Cole absorbed this. “How many lasted more than a year?”

Alvarez appeared to count, though Cole suspected he already knew. “Four. Three of those were before the lab expanded in ‘99 and things got more complicated. After that, two.”

“What made the two stick?”

Alvarez turned the thermos in his hands. “They stopped trying to make it normal.” He looked out the windshield. “The ones who didn’t last were always trying to apply a framework from somewhere else. Standard law enforcement, standard community policing, standard emergency protocols. Reasonable things. Wrong tools.” He paused. “The two who lasted understood that Strange Creek requires its own framework, and they were willing to build it from scratch while the job was happening. Which is uncomfortable.”

“It is,” Cole said.

“You’re doing it.” Alvarez said this with the matter-of-fact directness that Cole had come to associate with people who had been in Strange Creek long enough to say what they thought without dancing around it. “I’ve watched you since September. You wait until you understand what the situation actually is, and then you reach for the right tools to handle it.”
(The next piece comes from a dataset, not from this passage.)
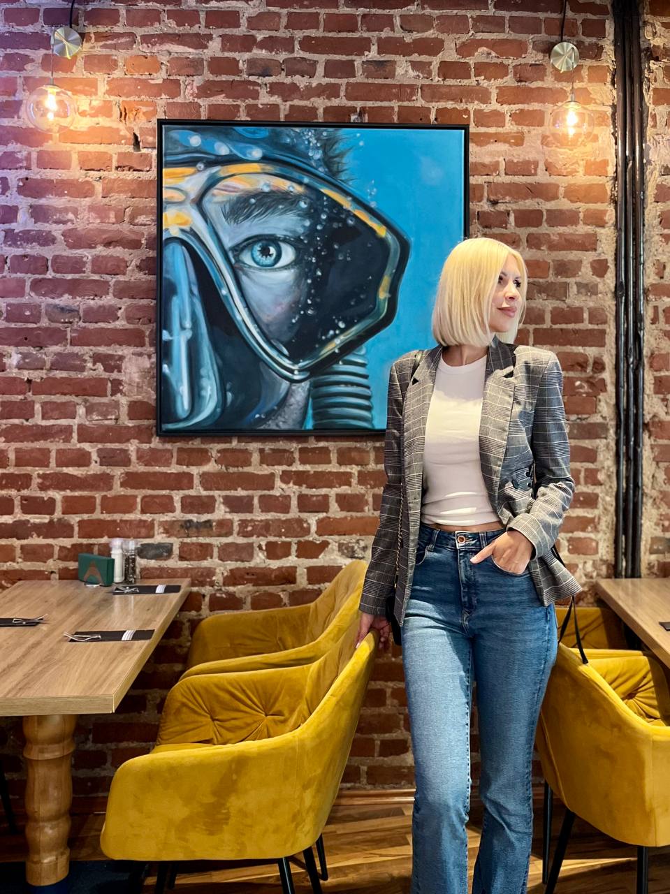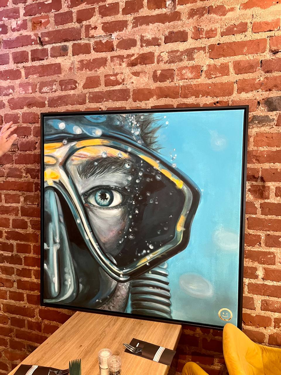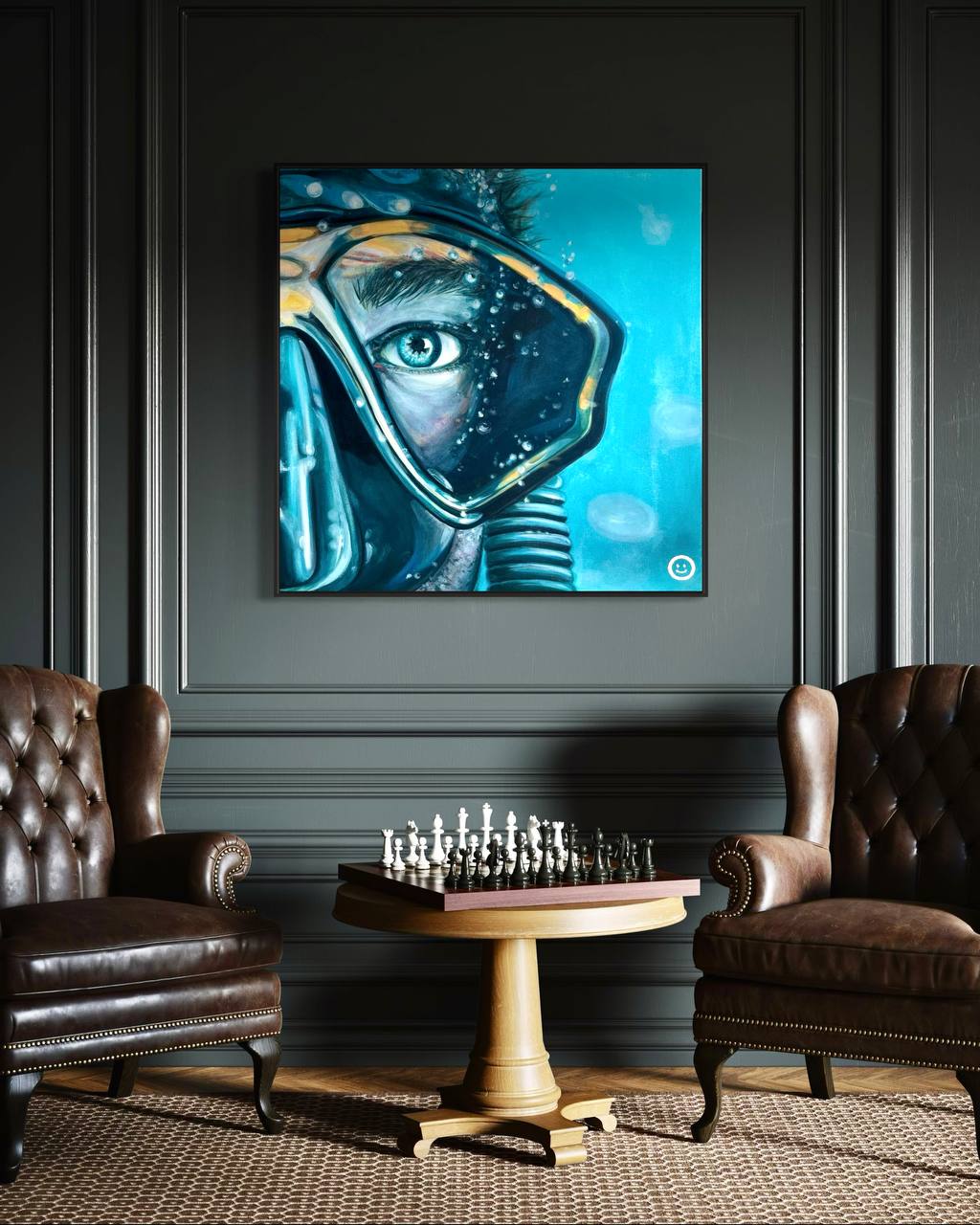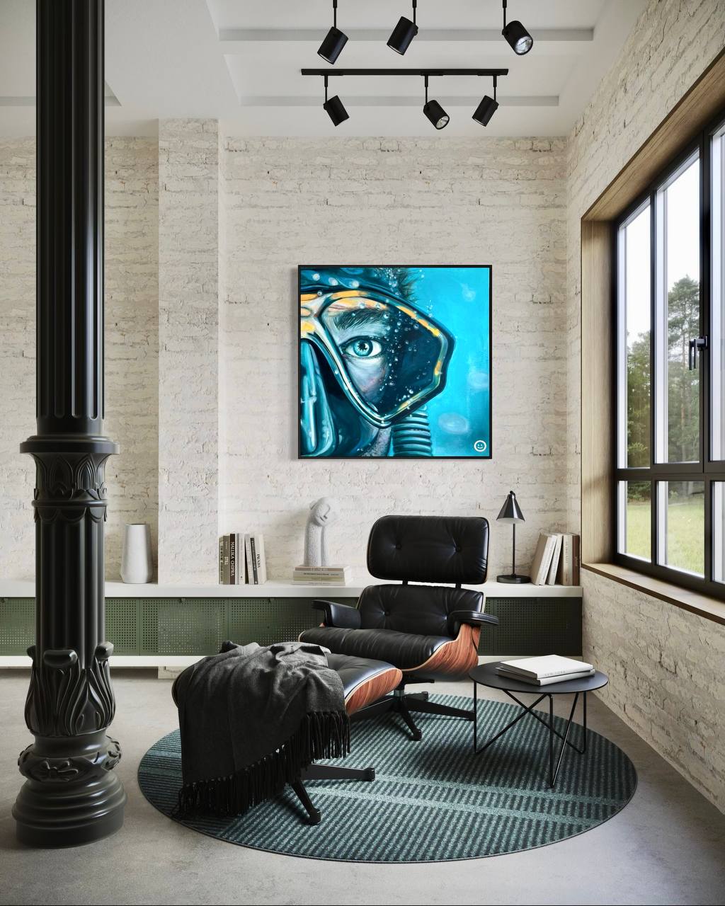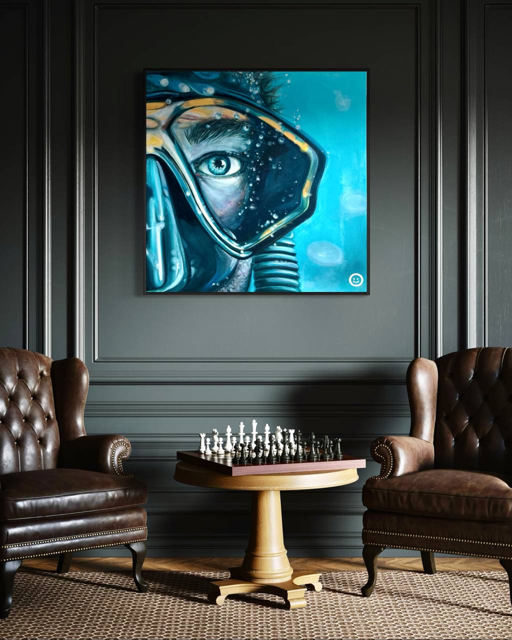 „DIE TIEFE IN UNS“ ist ein einzigartiges Acrylgemälde (100×100 cm) auf roher Leinwand, das einen Taucher in einer friedlichen, abstrakten Unterwasserlandschaft zeigt. Dieses Porträt fängt einen Moment der Einheit mit der Unterwasserwelt ein, in dem jeder Atemzug durch die Maske das Leben symbolisiert und der Blick durch das Glas zum Spiegel der Seele wird. Die Tiefe, die den Menschen umgibt und in ihm wohnt, verschmilzt miteinander und lädt den Betrachter dazu ein, über das eigene Wesen, die Zerbrechlichkeit und die Unendlichkeit der inneren Welt nachzudenken. Das Gemälde erinnert uns daran, die Oberfläche zu überwinden und Schönheit selbst an den unerwartetsten Orten zu entdecken.

Cole said nothing. He figured whatever Alvarez had to say would be of value, one non-scientific genius to another.

“Not afraid to ask for explanation or help. We’ve needed someone like you for a while,” Alvarez said. “I want you to know that. From someone who’s been here long enough for it to mean something.”

He started the engine. Cole took this as the end of the conversation and got out.

“Good night, Chief.”

“Morning, probably, by the time you’re done.” Alvarez put the truck in reverse. “There’s a good hour between three and four. Quietest the town gets. Worth being awake for.”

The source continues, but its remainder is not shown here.